Another type of nicest step would've been a large Subset (or another pattern) that lowers the W rating, but there's none.
One other way there might have been a nicest step is if a different resolution path with whips had had a single whip[7] (or say two)
and all the rest would have been easier. But Robert failed to find one and I didn't try.

Most of the puzzles one encounters in reality require only very few eliminations (other than SSTS). It's easier to find one or two key steps.

Now, if you look at most of the puzzles proposed in this section of the forum in the past years, they are totally uninteresting for an opposed reason: they can be solved by bivalue-chains of length 3 or 4 (rarely more). People spend much time trying to find one-step solutions (I have no objection if they have fun with this - but the result is artificially complicated patterns). Compared to such puzzles, the more difficult recent ones are more interesting, because they require a little more neuron firings, but this is only relative.
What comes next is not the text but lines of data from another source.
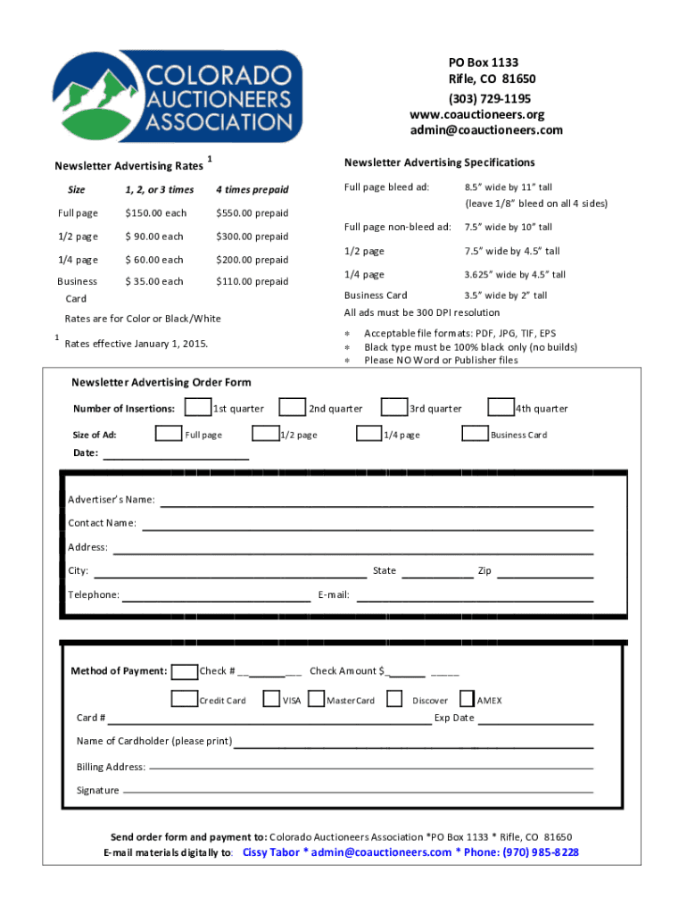 PO Box 1133Rifle, CO81650(303) 7291195www.coauctioneers.orgadmin@coauctioneers.comNewsletter Advertising RatesSize1Newsletter Advertising Specifications1, 2, or 3 times4 times prepaidFull page$150.00 each$550.00 prepaid1/2 page 90.00 each$300.00 prepaid1/4 page 60.00 each$200.00 prepaidBusiness$ 35.00 each$110.00 prepaidFull page bleed ad:(leave 1/8 bleed on all 4 sides)Careful page nonbleed ad:7.5 wide by 10 tall1/2 page7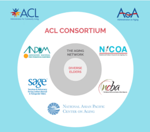 NICOA joins other aging organizations to provide an interconnected resource center. The consortium was established by the Administration for Community Living in 2012 and is composed of five national minority aging organization partners, each of whom represents a major racial and ethnic minority elder population: the National Association for Hispanic Elderly, the National Asian Pacific Center on Aging (NAPCA), the National Resource Center on LGBT Aging, the National Caucus and Center on Black Aging and NICOA. The consortium works as an interconnected resource center to decrease the prevalence of disparities among racial and ethnic minority and LGBTQ elders, their families and caregivers, by providing technical assistance to the Aging Network.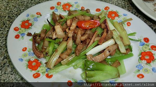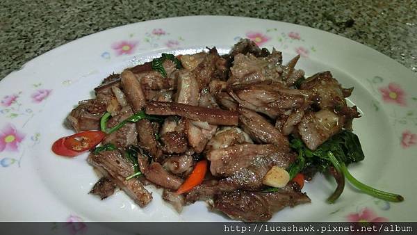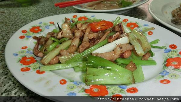 炒骨肉,骨肉就是豬頭肉,別看他黑黑的,這盤不簡單,肉質柔軟卻不失彈性,剛炒出來有夠香,我姊夫吃第一口就說讚了~~而且每塊都不算小喔!!
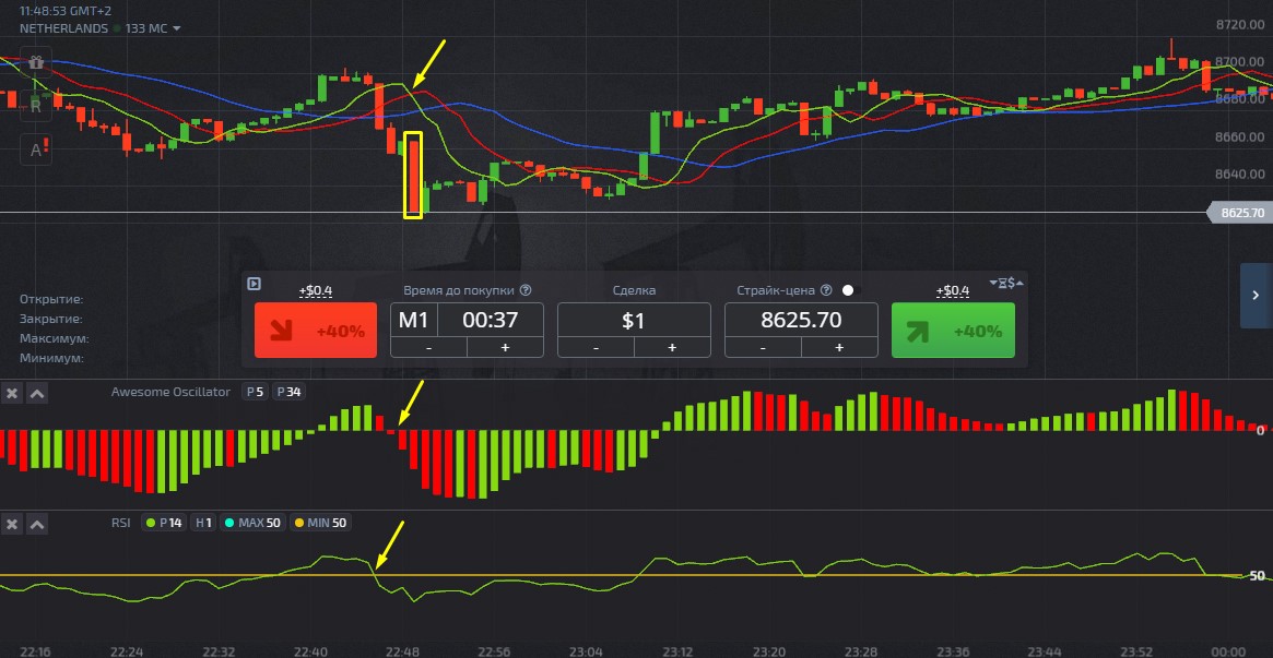 For RSI, you need to set the period to 14 and level 50 for overbought and oversold zones. And in the Awesome Oscillator indicator window you should set periods of 5 and 34.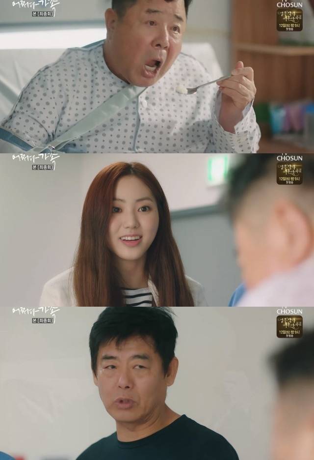 6월 6일 방송된 TV조선 홈드라마 '어쩌다 가족' 12화에서 성동일(성동일 분), 진희경(진희경 분), 성하늘(권은빈 분)은 할아버지 일섭(백일섭 분)의 병문안을 갔다.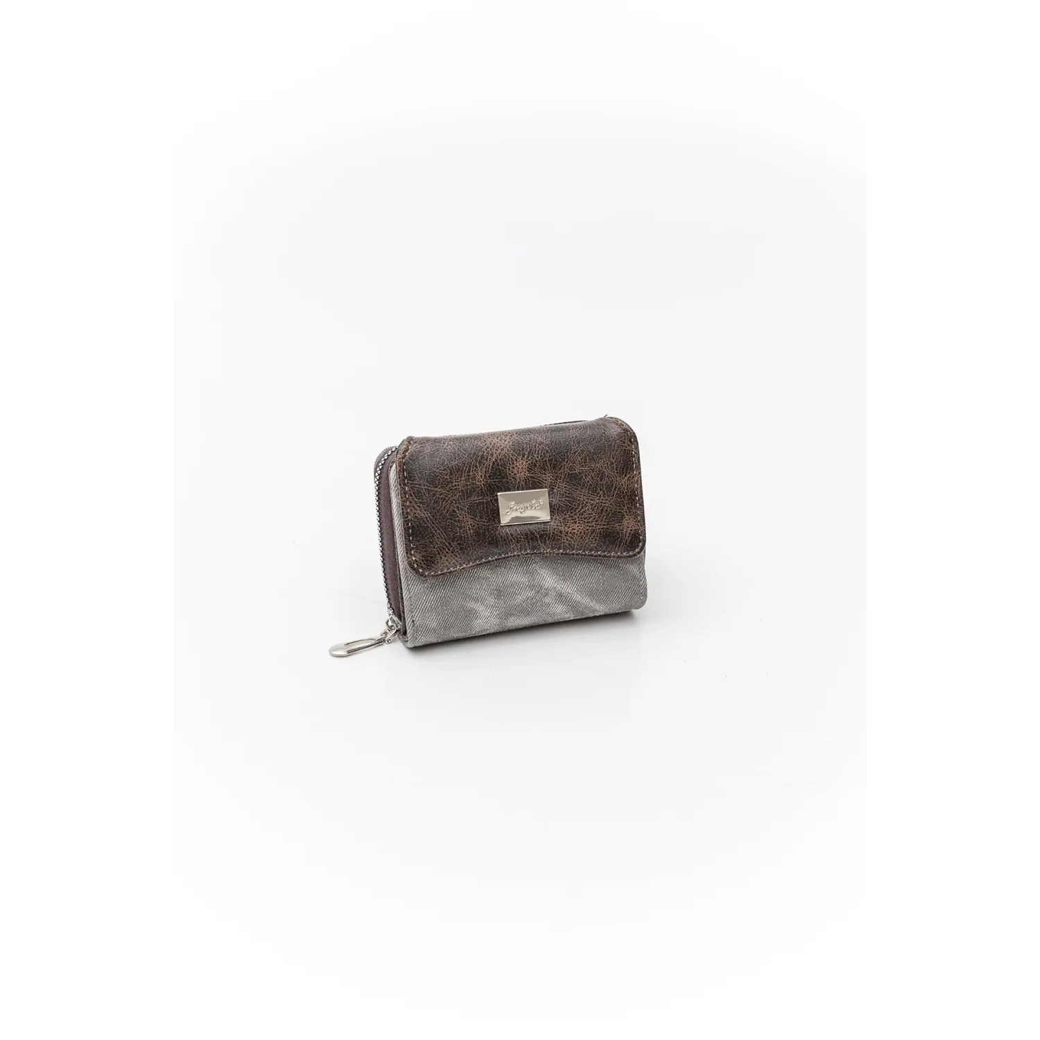 Μικρό πορτοφόλι με καπάκι με μαγνητικό button. Στο εσωτερικό υπάρχουν πολλές θήκες για κάρτες και έξτρα μεγάλες θέσεις για την ταυτότητα και τις σημειώσεις σας. Διαχωρισμένη θήκη με φερμουάρ και άλλη μια θέση που κλείνει με φερμουάρ. Υλικό: Vintage οικολογικό δέρμα συνδυασμένο με απομίμηση jean υφάσματος σε οικολογικό δέρμα ή ματ οικολογικό δέρμα.

Finding interesting puzzles for a human player is hard. This is one thing I've never been involved in and I don't have much to say about it. I would say a good criterion is, it requires using a variety of different patterns, though I would exclude artificial pattern combinations.

Let me ask you the same question: did you find any interesting step in this puzzle?